A taxa de juro aplicada à totalidade dos contratos de crédito à habitação atingiu o valor mais elevado em 14 anos, desde abril de 2009, ao subir 25,1 pontos base (p.b.) para 3,649% em junho (após 3,398% em maio). Nos contratos celebrados nos últimos três meses observou-se uma subida dos juros de 3,882% em maio para 4,132% em junho, sendo este o valor máximo desde maio de 2012.
De acordo com os dados divulgados esta quarta-feira pelo Instituto Nacional de Estatística (INE), a prestação média foi de 361 euros em junho, o que reflete um aumento de nove euros face a maio. Em comparação com junho do ano passado, contabilizou-se um aumento homólogo de 38,3%.
Do valor total (361 euros), 192 euros (53%) são referentes ao pagamento de juros, ao passo que os restantes 169 euros (47%) correspondem ao capital amortizado.

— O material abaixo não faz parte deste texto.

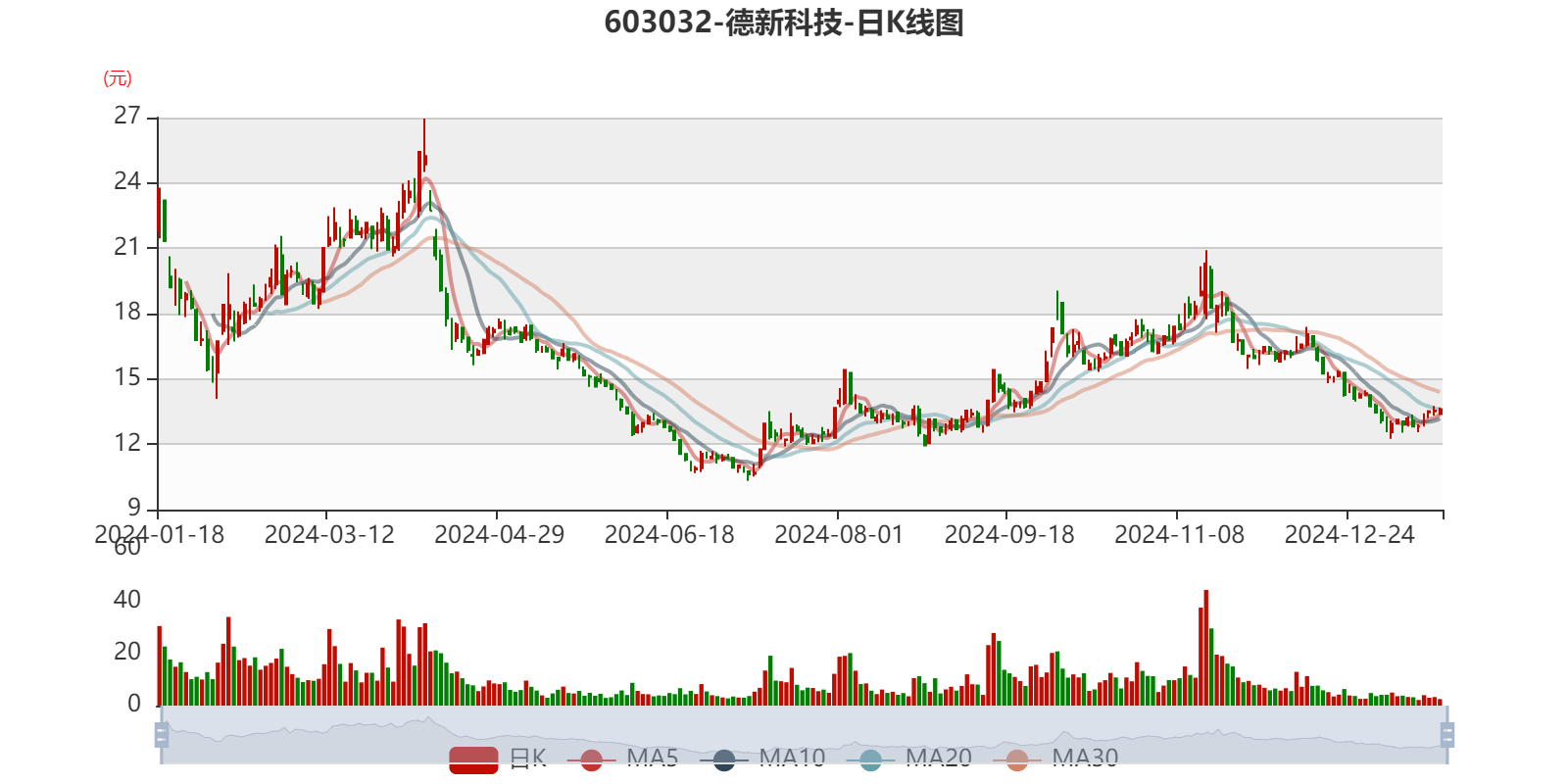 中证智能财讯德新科技(603032)1月17日晚间披露2024年度业绩预告,预计2024年实现营业收入3.1亿元至3.75亿元;归母净利润亏损1.3亿元至1.7亿元,上年同期盈利1.08亿元;扣非净利润亏损1.55亿元至1.95亿元,上年同期盈利1.22亿元。以1月17日收盘价计算,德新科技目前市盈率(TTM)约为-18.74倍至-24.5倍,市净率(LF)约2.51倍,市销率(TTM)约9.3倍。
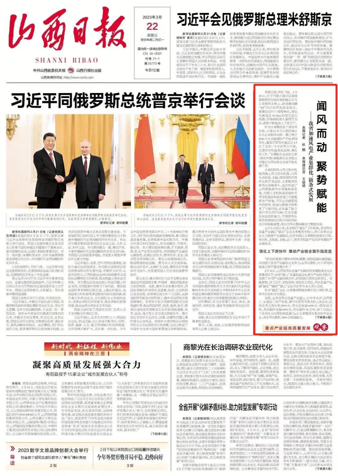 今天,山西日?qǐng)?bào)頭版“重點(diǎn)產(chǎn)業(yè)鏈高質(zhì)量發(fā)展觀察”專欄,以“我省風(fēng)電產(chǎn)業(yè)集群化、鏈條式發(fā)展”為題,報(bào)道了太重集團(tuán)聞風(fēng)而動(dòng)、聚勢(shì)賦能,發(fā)展壯大風(fēng)電產(chǎn)業(yè)鏈、創(chuàng)新鏈、價(jià)值鏈的生動(dòng)實(shí)踐。

De referir que, em junho de 2022, a componente de juros representava apenas 16% do valor médio da prestação (261 euros)
Olhando unicamente aos contratos celebrados nos últimos três meses, o valor médio da prestação subiu 18 euros em junho, face ao mês anterior, até aos 609 euros (mais 48,9% do que no mesmo mês de 2022).
O capital médio em dívida subiu 127 euros para a totalidade dos contratos face a maio e está agora em 63.296 euros. Para os contratos celebrados nos últimos três meses, o montante médio em dívida alcançou os 122.570 euros, uma redução de 1.495 euros face a maio.